MTP + TurboQuant 4.25 bpv KV cache yields 80–87 t/s with 73% draft acceptance on a single 4090 at 262K context.

Why this matters: Shows what’s possible for long-context local inference — relevant to your hybrid routing decisions.

llama.cpp b9080 — Gemma4 NVFP4 support

Adds support for Gemma4_26B_A4B NVFP4 checkpoint conversion to GGUF format.
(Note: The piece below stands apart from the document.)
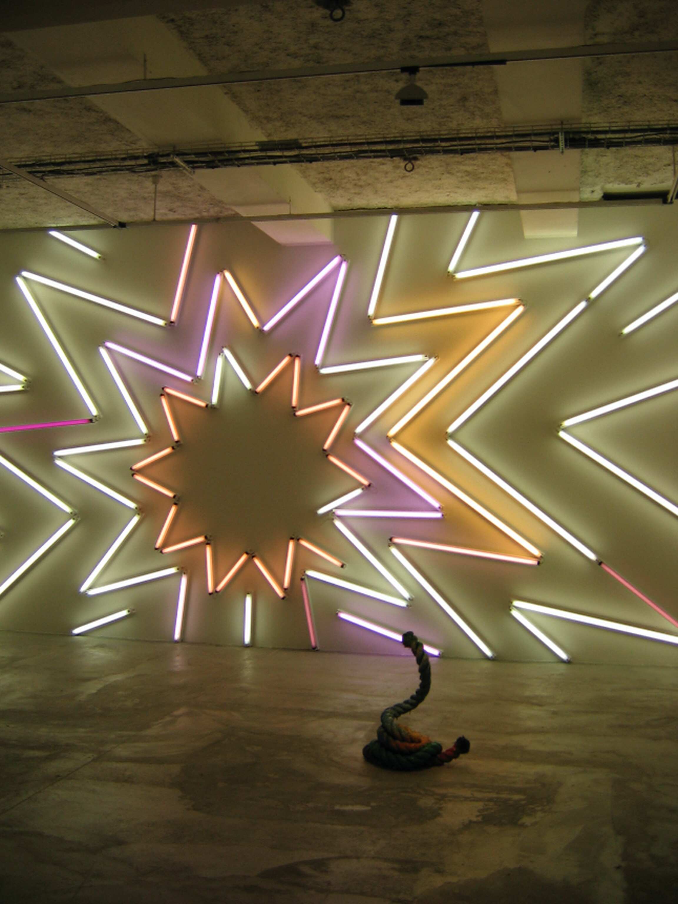 Mais le souffle de la pièce, la véritable inspiration de l'exposition, c'est le mural en néons qui par sa disposition évoque la dynamique de l'explosion. Là aussi, les citations sont évidentes : on pense à Flavin pour l'utilisation du néon comme objet et source lumineuse ; on pense à Lichtenstein ou plus prosaïquement aux comics américains pour leur utilisation de la ligne ciselée. On voit au résultat un mix réjouissant de références au plaisir communicatif qui instruit un nouveau rapport avec l'esthétique de la destruction.

Why this matters: Unlocks running Gemma 4 26B in NVFP4 quant locally via llama.cpp.

Serving DeepSeek V4: million-token context as inference problem

Together AI details compressed KV layouts, prefix caching, and kernel work needed to serve DeepSeek V4 at 1M tokens on HGX B200.

Why this matters: Explains the systems constraints you’d hit routing long-context tasks to V4 via your LiteLLM gateway.

OpenAI Realtime Audio Models released

Three new API models: GPT-Realtime-2 (conversational), GPT-Realtime-Translate (live multilingual), GPT-Realtime-Whisper (streaming transcription).

Why this matters: New API primitives — watch but don’t act unless voice enters your product roadmap.

Meta prepares Hatch AI Agent

Consumer-grade agent with image/video gen, shopping, and learning integrated into Instagram/Facebook; internal tests expected June.

Why this matters: Signals big-tech consumer agent competition — context for your RegTech positioning.

DeepSeek seeking $7.35B funding, V4.1 next month

DeepSeek reportedly raising RMB 50B (~$7.35B) — largest single AI round ever — with V4.1 update planned for June.

Why this matters: V4.1 could shift your local/cloud routing calculus; funding signals sustained open-weight investment.

Anthropic growing 10x/year while others lay off

Anthropic reportedly growing revenue 10x year-over-year while competitors cut 10%+ of staff.

Why this matters: Your primary tooling vendor is thriving — good signal for Claude Code investment continuity.

Perplexity Personal Computer for all Mac users

Perplexity’s Mac desktop agent now accesses local files, apps, connectors, and web for all users — not just Pro.

Why this matters: Another desktop agent entrant; interesting as a research/browsing complement to your coding agents.


Auto-curated daily by Claude Opus 4.7 from Apple ML research, Don’t Worry About the Vase (Zvi), GitHub: anthropics/claude-code, GitHub: ggml-org/llama.cpp, GitHub: langchain-ai/langchain, Hugging Face blog, Latent Space, NVIDIA developer blog, OpenAI blog, Simon Willison, TLDR AI, Together AI blog, Vercel blog, r/ClaudeAI top, r/LocalLLaMA top, r/MachineLearning top, smol.ai news. Source list and editorial profile maintained by Daniel.